# Boundary conditions at interface for1D transient heat conduction problem in cylindrical coordinates

The problem I am currently working on involves rapidly cooling liquid aluminum in a cylindrical graphite crucible and getting the radial temperature distribution over time, possibly using finite difference methods.

This is a 1D transient problem in only the radial direction using the following equation and I am only concerned about the liquid portion of aluminum (no source term and constant thermal properties).

$$\frac{1}{a}\frac{dT}{dt} = \frac{1}{r}\frac{d}{dr}\left(r\frac{dT}{dr}\right)$$

The main problem I am having is determining the boundary conditions, especially at the interface between the graphite inner wall with the liquid aluminum (as graphite and liquid aluminum have different thermal diffusivities). The boundary condition at the outer graphite wall involves convection and the BC at the centerline of the cylinder should have no heat flux for symmetry but I am not sure how to get a boundary condition at the interface (I am thinking of equating heat flux of graphite to aluminum).

I was wondering if anyone here has any idea on how to get the boundary condition at the interface or have any credible sources that I can look at. Thank you.

• "(I am thinking of equating heat flux of graphite to aluminum)." That is correct. It will give you an equation linking $dT/dr$ on either side of the boundary. At the boundary , $T$ is a continuous function of $r$ but $dT/dr$ is discontinuous. May 22, 2021 at 3:11
• Thank you for answering so quickly. However, I am not completely sure about how to set up this boundary condition in cylindrical coordinates (I'm pretty new to this topic). Could you possibly show me the starting equation at the interface or if you have any recommended sources for this topic?
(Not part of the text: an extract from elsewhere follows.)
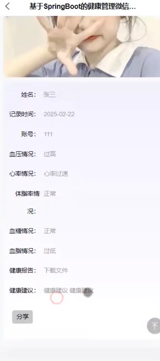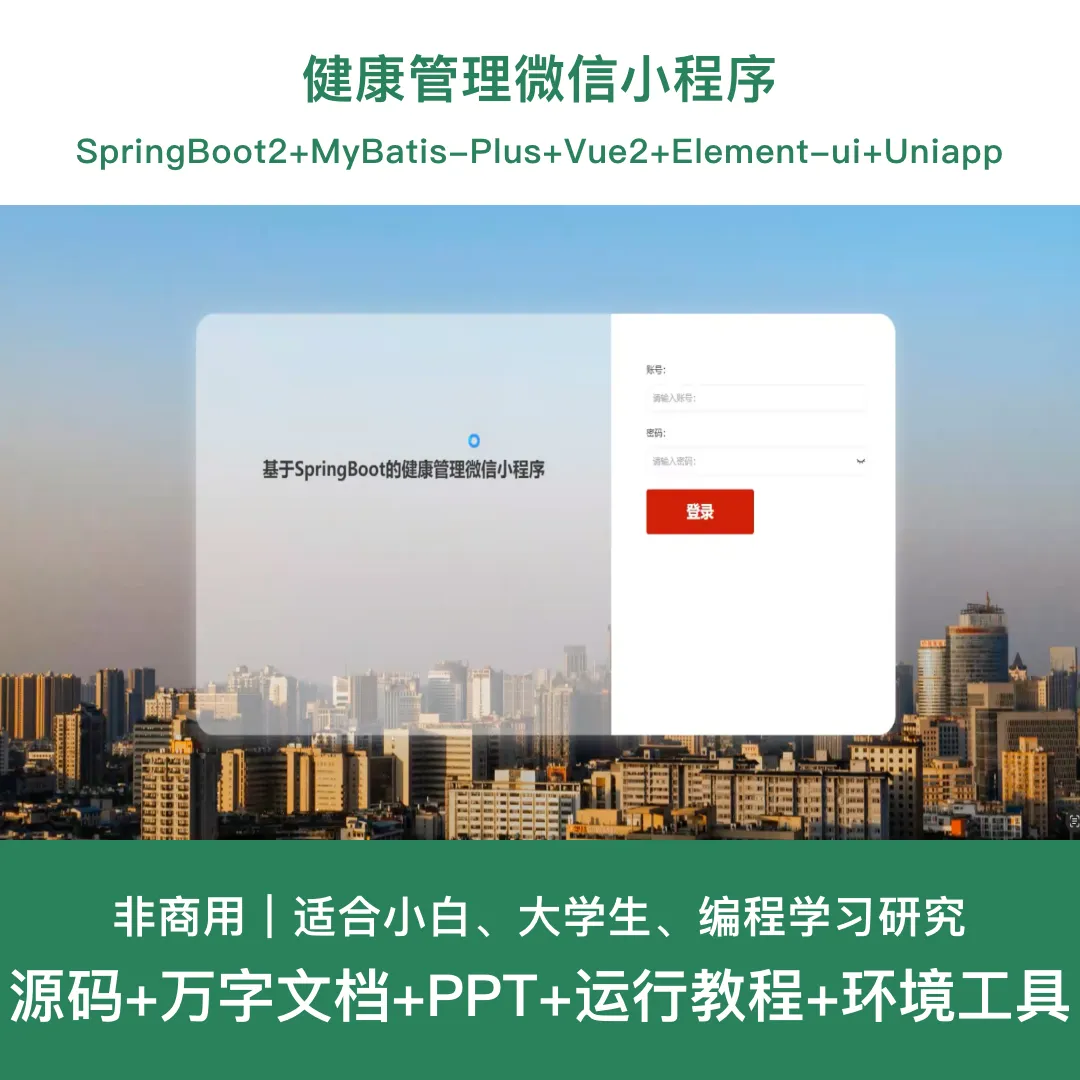 基于SpringBoot和uniapp的健康管理微信小程序,方便用户随时随地进行健康管理和咨询,提升健康管理质量和效率。

May 22, 2021 at 4:06
• if the $\frac{1}{a}$ coefficient in the analysis is a measure related to conductivity or resistance, then you should be able to just adjust the parameter and use different for aluminium and the graphite. Additionally you could also use a different parameter for the aluminium and changing temperature.
– NMech
May 22, 2021 at 9:20

## Interface condition

From what I gather the $$\frac{1}{a}$$ coefficient in the equation is a measure related to conductivity or resistance. Therefore all you need to is that you should be able to just adjust the parameter $$a$$ and use different for aluminum and the graphite depending on the position of the analysis. So the equation will have the following form.
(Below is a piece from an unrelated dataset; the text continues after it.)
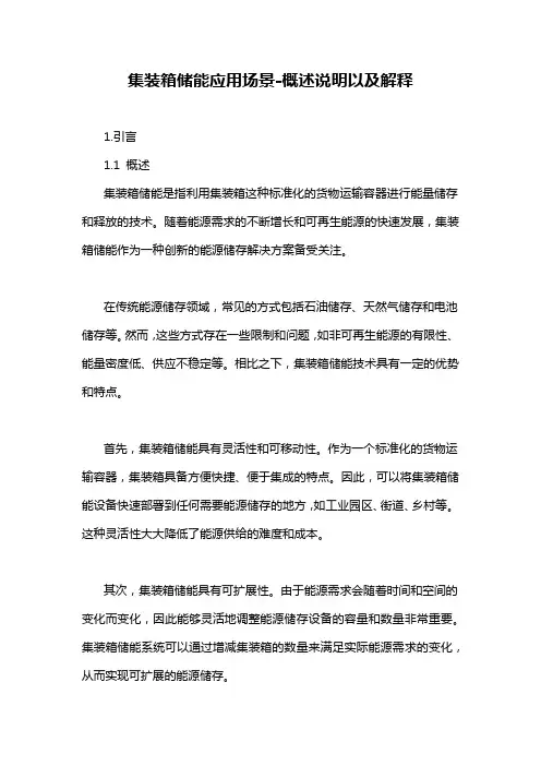 集装箱储能应用场景-概述说明以及解释1.引言1.1 概述集装箱储能是指利用集装箱这种标准化的货物运输容器进行能量储存和释放的技术。

$$\frac{1}{a (r) }\frac{dT}{dt} = \frac{1}{r}\frac{d}{dr}(r\frac{dT}{dr})$$

Additionally you could also use a different parameter for the aluminum and changing temperature (because I expect the aluminum will have a greater temperature difference. In that case you would have a function of the radius and temperature

$$\frac{1}{a (r,T) }\frac{dT}{dt} = \frac{1}{r}\frac{d}{dr}(r\frac{dT}{dr})$$

So the basic formulation does not change. The only thing that changes is how you calculate the $$a(r)$$.

## symmetry boundary condition (center of the crucible)
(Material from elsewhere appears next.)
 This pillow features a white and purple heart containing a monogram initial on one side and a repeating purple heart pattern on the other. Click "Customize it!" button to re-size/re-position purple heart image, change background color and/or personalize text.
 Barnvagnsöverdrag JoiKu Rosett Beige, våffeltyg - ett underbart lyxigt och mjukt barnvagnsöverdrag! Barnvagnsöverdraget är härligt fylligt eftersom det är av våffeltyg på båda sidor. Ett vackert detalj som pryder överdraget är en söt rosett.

The gradient needs to be zero at the symmetry boundary, because at the that point you shouldn't have any heat flux across the symmetry boundary. At that point you could use a von Neumann boundary condition.

Basically is a condition where you define the gradient of the property (in this case temperature).

If you have N nodes (starting from 1 and ending at N), where N is the center node, what you need to do (Alephzero can correct me, because I am a bit rusty), is you define another node, and on each update you set the value of the N+1 node equal to N. That will ensure that the property gradient is zero.

the N+1 code is sometimes called a Ghost node. The following image is an example for Ghost node that can be used for a von Neuman condition at node 1. Figure: Ghost nodes source (Computational ScienceSE)

## good resource

Last time I did something similar, I used the following book by Charpa and Canale as a example (actually its my go to book for numerical methods for at least 20 years).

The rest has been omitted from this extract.